Senior Jins, Cho Dong-hun, Hun-ju, Lee Jae-ho (Public trial)

Defense Counsel

Law Firm C (for Defendant A)

Attorney D

Attorneys Y (Korean National Assembly for Defendant B)

The judgment below

Changwon District Court Decision 2016Gohap37 decided January 5, 2017

Imposition of Judgment

April 3, 2017

Text

All appeals filed by the prosecutor against the Defendants are dismissed.

Reasons

1. Summary of grounds for appeal;

According to the evidence submitted by the prosecutor, in relation to the Fre-election (hereinafter referred to as the "election in this case") conducted on April 13, 2016, Defendant A delivered KRW 2 million in cash to Defendant B in return for the renunciation of horse and the opposition to support, and Defendant B can fully recognize the fact that he received it. The judgment of the court below that acquitted Defendant B of the facts charged in this case is erroneous in the misapprehension of facts.

2. Determination

A. As evidence consistent with the facts charged in the instant case, there are statements made by Defendant B at the prosecution, the court below and the court of the first instance, and H in the prosecution and the court of the original instance. However, without any need to discuss the legal doctrine that “The above statements made by Defendant B and H should be based on evidence with probative value sufficient to ensure the authenticity of the facts charged to the extent that there is no reasonable doubt,” which is recognized by the record, and there is no credibility in full view of the following facts and circumstances recognized by the record.

B. Whether Defendant B’s withdrawal and election campaign were carried out

Defendant B declared that he will be going out of the instant election on January 20, 2016, but did not make a preliminary candidate registration, and did not carry out an election campaign, such as not only not opening an election office but also making a name tag for election campaign. In addition, Defendant B posted a krum to waive his going out on March 2, 2016 as “J” at I newspapers, and Defendant B renounced his going out completely. Since Defendant B did not prepare a recommendation letter necessary for his going out, Defendant B did not prepare a recommendation letter for his going out of the election, and Defendant B did not make a statement that Defendant B carried out an election campaign again and carried out an election campaign on March 22, 2016, which was immediately immediately preceding the election day.

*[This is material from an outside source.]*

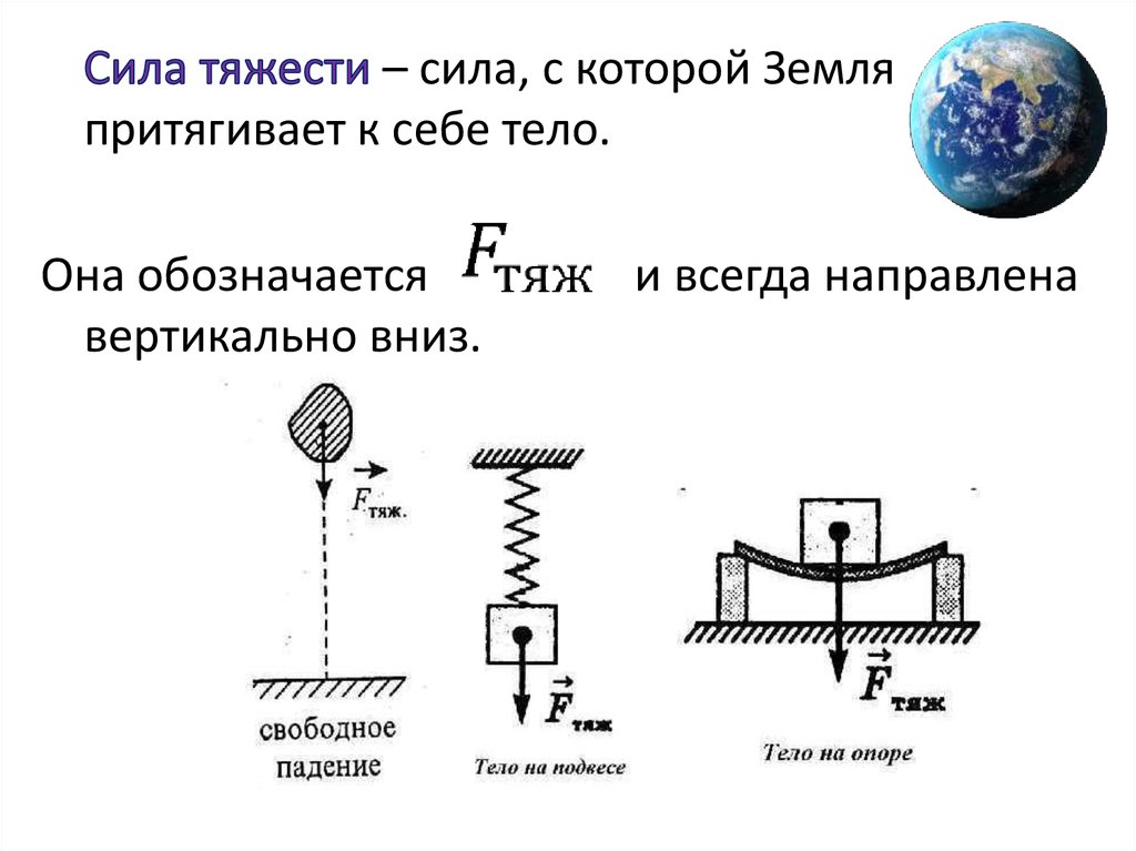 – сила, с которой Земляпритягивает к себе тело.
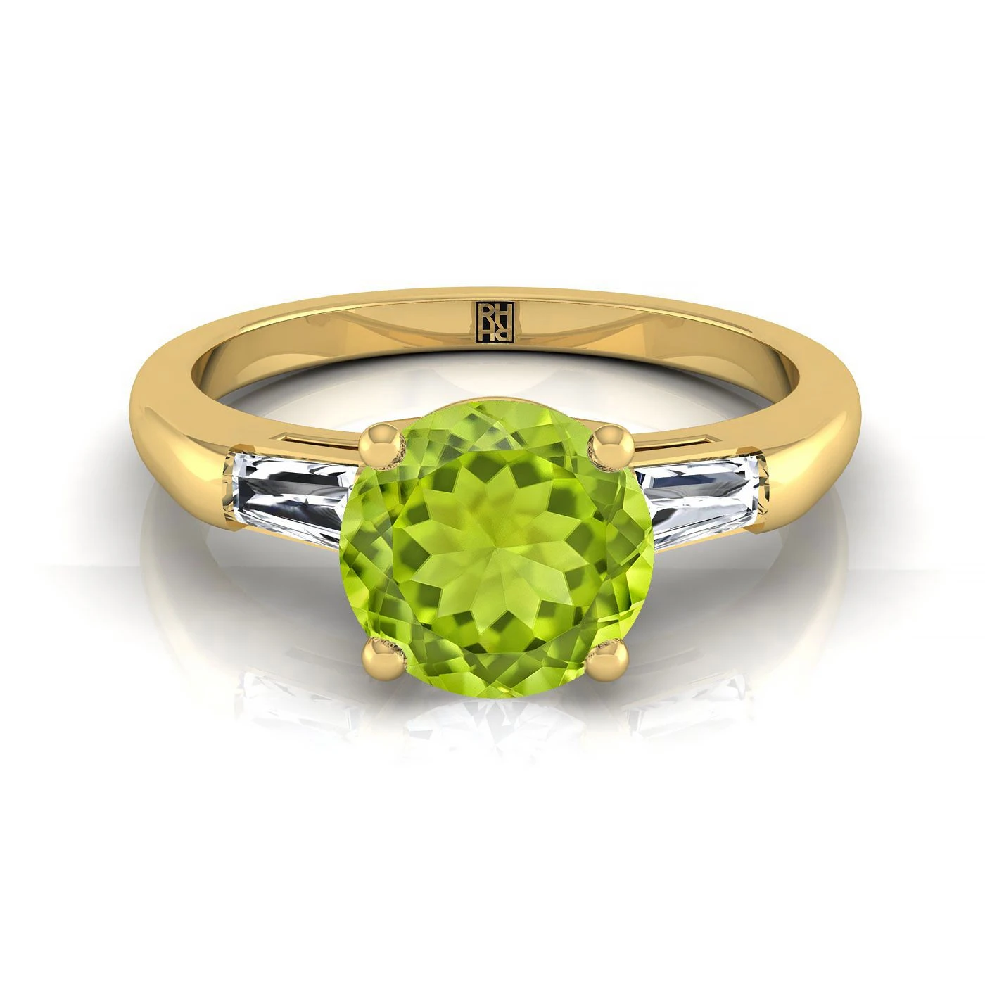 14K Yellow Gold Round Brilliant Peridot Three Stone Tapered Baguette Engagement Ring -1/5ctw

C. Non-existence of concrete consultation among the Defendants

① As above, even though Defendant B disclosed his will on January 20, 2016, it did not actually engage in an election campaign. Since Defendant A given up fully going out on March 2, 2016, Defendant A first left home, and there was an incentive for Defendant B to waive the going out and end up to support Defendant B. The agreement that Defendant A would pay money in return for Defendant B’s renunciation of going out and support (hereinafter “the resignation agreement in this case”) is highly likely to be sentenced to a punishment for invalidation of election, since the nature of the crime and statutory punishment in violation of the Public Official Election Act are heavy, and such fact is discovered. In order for Defendant A to propose the resignation agreement in this case to Defendant B first, it would normally be subject to consultation on the contents, terms, and conditions of the resignation agreement in person with Defendant B, but would normally be contrary to the empirical rule, and even if Defendant B’s statement was made, it would considerably be contrary to Defendant A’s general rules.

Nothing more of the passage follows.